Fig. 1. The axes of terrestrial life

 

Triggering the carving up of the planet with reticulating graticules and navigational rhumb lines, sapience’s conquering of global space proceeds from and rests upon a lumbar foundation whose verticality sets our species apart, instigating a ratio-technical line of development extending from the first anthropoid’s binocular gaze upon its forelimb workspace all the way to the geostationary satellite high above.10 What Kant’s spinal thought-experiment hints at, then, is that Homo sapiens’ ability to exert cognizance and control on a planetary scale results from the same species-specific peculiarity as its susceptibility to back pain.


Notes

1. I. Kant, Critique of Pure Reason, tr. P. Guyer and A.W. Wood (Cambridge: Cambridge University Press, 2007), 653 [A759/B787].

2. Ibid., 654 [A762/B790].

3. Topologically speaking, the figure of the earth is a manifold that has no boundary, yet is finite.

4. I. Kant, ‘What Does It Mean to Orient Oneself in Thinking?’, tr. A.W. Wood, in A.W. Wood and G. Di Giovanni (eds.), Religion and Rational Theology (Cambridge: Cambridge University Press, 1996), 8:315.

5. ‘I have to assume a centre at the middle of the earth as in the case of any other sphere or circle. From this, I can draw a line through the position I occupy over my head and from there back again through the centre’. I. Kant, Physical Geography, tr. O. Reinhardt, in E. Watkins (ed.), Natural Science (Cambridge: Cambridge University Press, 2012), 9:158–9:171.

6. ‘This is then the zenith and nadir, that each person determines for and through himself.’ Kant, Physical Geography, 9:173. This prolonged spinal trajectory also accounts for humans’ long-standing concern with exactly how far property rights extend downward into the earth’s mantle. At present, for instance, each US landowner ‘owns a slender column of rock, soil, and other matter stretching downward over 3900 miles from the surface to a theoretical point in the middle of the earth’. J.G. Sprankling, ‘Owning the Centre of the Earth’, UCLA Law Review 55 (2008), 979–1040: 981.

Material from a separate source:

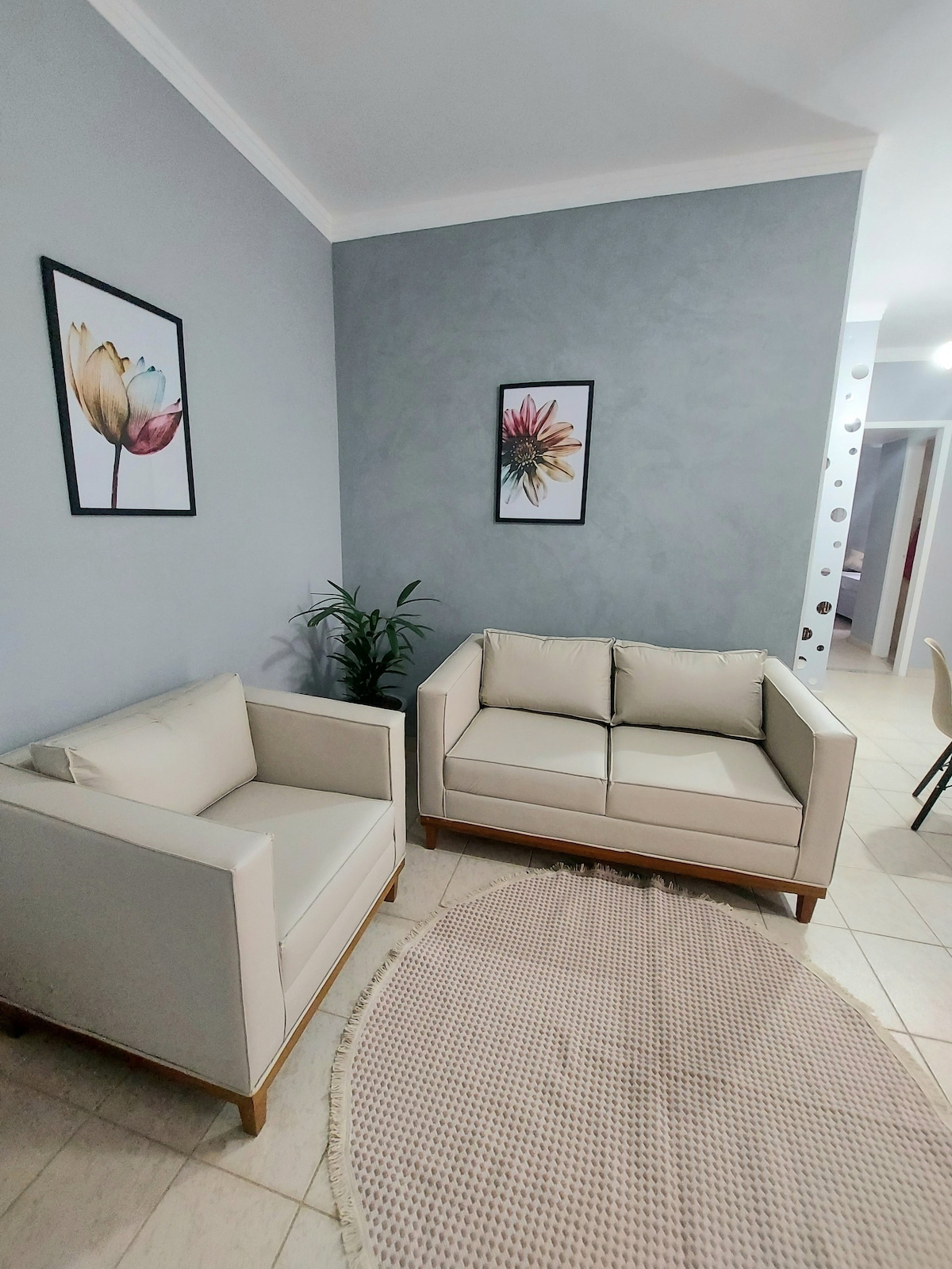 Novíssimo apto aconchegante de 52m2, distante 500 metros da praia, com 2 dormitórios, sala ampla, ar condicionado, internet com Wi-Fi, cozinha completa, sacada com churrasqueira, 2 vagas de garagem privativas, brinquedoteca e piscina compartilhada entre proprietários e hóspedes. A churrasqueira é privativa e tem um grande diferencial, você poderá fazer seu churrasquinho com vista para as montanhas e aproveitando ao máximo desse momento com a família e amigos.

7. ‘Therefore, each can also have his own meridian.’ Kant, Physical Geography, 9:171.

8. Kant, Physical Geography, 9:173.

9. ‘It is for lack of this human circumstance that quadrupeds cannot, or need not, orient themselves’. H. Müller-Sievers, ‘Tidings of the Earth: Towards a History of Romantic Erdkunde’, in M. Helfer (ed.), Amsterdamer Beiträge zur neueren Germanistik 47 (2000), 47–73: 50.

10. Assignation of longitude, or East-West coordinates, was achieved via the further conquering of time: only by instating an entirely fabricated ‘prime meridian’, with the use of accurate chronometers, could one ‘end-stop’ the globe’s non-Euclidean and boundless surface with a conventional and fixed reference point.